C’est pourquoi une partie du budget européen pour les sept ans à venir se concentre sur l’inclusion et la lutte contre la pauvreté. En particulier : l’inclusion dans l’emploi par la formation, l’inclusion des enfants et meilleures politiques de garde d’enfants, les politiques de santé et d’accès aux soins… sans oublier les réformes pour réduire les inégalités par l’impôt et en garantissant à tous une égalité d’opportunité.
Au sortir d’une crise inédite, le développement ne sera durable que s’il est juste.

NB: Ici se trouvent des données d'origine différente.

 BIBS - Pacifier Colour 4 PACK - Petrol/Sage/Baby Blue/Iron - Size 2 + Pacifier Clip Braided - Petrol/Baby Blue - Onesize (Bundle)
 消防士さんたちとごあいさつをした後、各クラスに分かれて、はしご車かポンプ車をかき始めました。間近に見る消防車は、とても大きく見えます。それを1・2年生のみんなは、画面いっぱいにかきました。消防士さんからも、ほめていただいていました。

Sondés, les français souhaitent que la crise actuelle soit l’occasion d’accélérer la transition écologique. Tout sera mis en oeuvre pour que, d’un côté, les 750 milliards d’euros mis sur la table par la commission dans le cadre du plan européen d’une ampleur inédite, le plan Next Generation EU, et de l’autre les politiques nationales des États membres, visent à atteindre les Objectifs de Développement Durables (ODD) de l’ONU dont nous fêtons en 2020 le cinquième anniversaire.
En effet, « nous ne devons pas reconstruire ce qu’ont été nos économies du passé » selon Nicolas Schmit. 37 % des fonds du plan Next Generation EU seront destinés à des investissements pour lutter contre le changement climatique. En procédant à ces investissements, dans des domaines comme l’industrie, les transports et la mobilité, la chimie, ou encore l’agriculture, des conséquences sociales sur l’emploi se feront irrémédiablement sentir : c’est là qu’il faudra accompagner cette transformation. Il faudra simultanément renforcer le matelas de sécurité sociale pour amoindrir les conséquences de ces changements sur les revenus des ménages, et donner à chacun la possibilité de s’adapter à la transformation.

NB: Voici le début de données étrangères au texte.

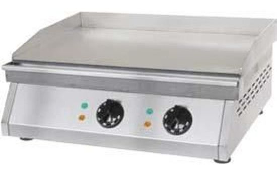 Гладкая жарочная поверхность с двумя зонами нагрева. Корпус из нержавеющей стали, регулируемый термостат 0-300С, ящик для сбора жира. Размер жарочной поверхности: 595х400 мм.
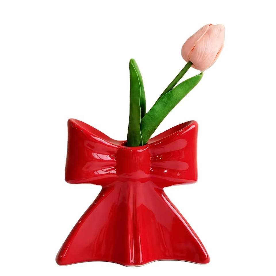 Red Glazed Bowknot Ceramic Flower Vase Handmade Mid Century Modern Design Elevates Shelves Countertops Understated
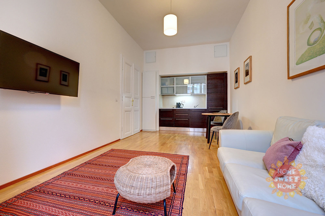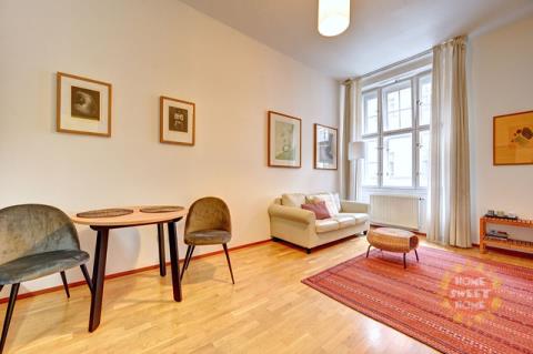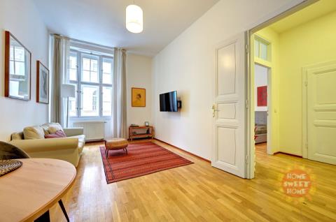 Nabízíme k pronájmu krásný byt 2+kk v prvním patře cihlového domu bez výtahu v ulici Maiselova, Praha 1. Celková užitná plocha bytu činí 50 m2. Byt je plně vybavený. Sestává se z ložnice s manželskou postelí, obývacím pokojem s kuchyňským koutem s vestavěnou lednicí a dvouplotýnkovou varnou deskou (v kuchyni není trouba a myčka) a koupelny se sprchovým koutem, pračkou, toaletou a bidetem. Jedná se o velice žádanou lokalitou v historické centrum města. Naleznete zde kvalitní občanskou vybavenost. Mnoho možností k zábavě a trávení volného času. Divadla, kina či hudební kluby v okolí. Vynikající nákupní příležitosti. Kvalitní výběr restaurací a kaváren. Snadná dopravní dostupnost do všech částí Prahy. Stanice metra linky A ,,Staroměstská.

La convergence, solution pragmatique préférée à l’harmonisation
Pour Nicolas Schmit les dirigeants doivent faire preuve de pragmatisme : « l’Europe sociale, ce n’est pas forcément un salaire minimum européen, maintenant, pour tous les pays membres ». Accroître les droits sociaux via la convergence, dans l’esprit du socle européen des droits sociaux, est plus efficace et réaliste que pousser pour une harmonisation aujourd’hui trop politique et bureaucratique. « Ce n’est pas pour autant que l’on peut accepter un écart des salaires minimum des différents pays de 1 à 7. Cet écart ne peut se justifier par les écarts de productivité entre les pays » ajoute M. Nicolas Schmit.
D’ailleurs, le maître mot de cette convergence, c’est l’économie sociale de marché. Sans dialogue social fort et partenaires sociaux forts, il ne peut y avoir d’économie sociale de marché. Au niveau européen, les partenaires européens ont déjà pu peser dans la balance, en négociant par exemple une plateforme sur l’économie numérique. Aujourd’hui, les traités permettent aux partenaires sociaux de négocier des accords que la commission peut ensuite transformer en directives européennes. Au niveau national, il faut aussi encourager le partenariat social dans les pays où il n’est pas une forte tradition, comme certains pays d’Europe centrale.
Finalement, le plan Next Generation EU pose les bases d’un État providence européen dont la crise sanitaire aura démontré l’utilité. Il entrera en scène en 2021 et se verra renforcé et adapté pour mieux répondre aux nouveaux défis de l’Union Européenne : la transformation du monde du travail ou encore le vieillissement de la population.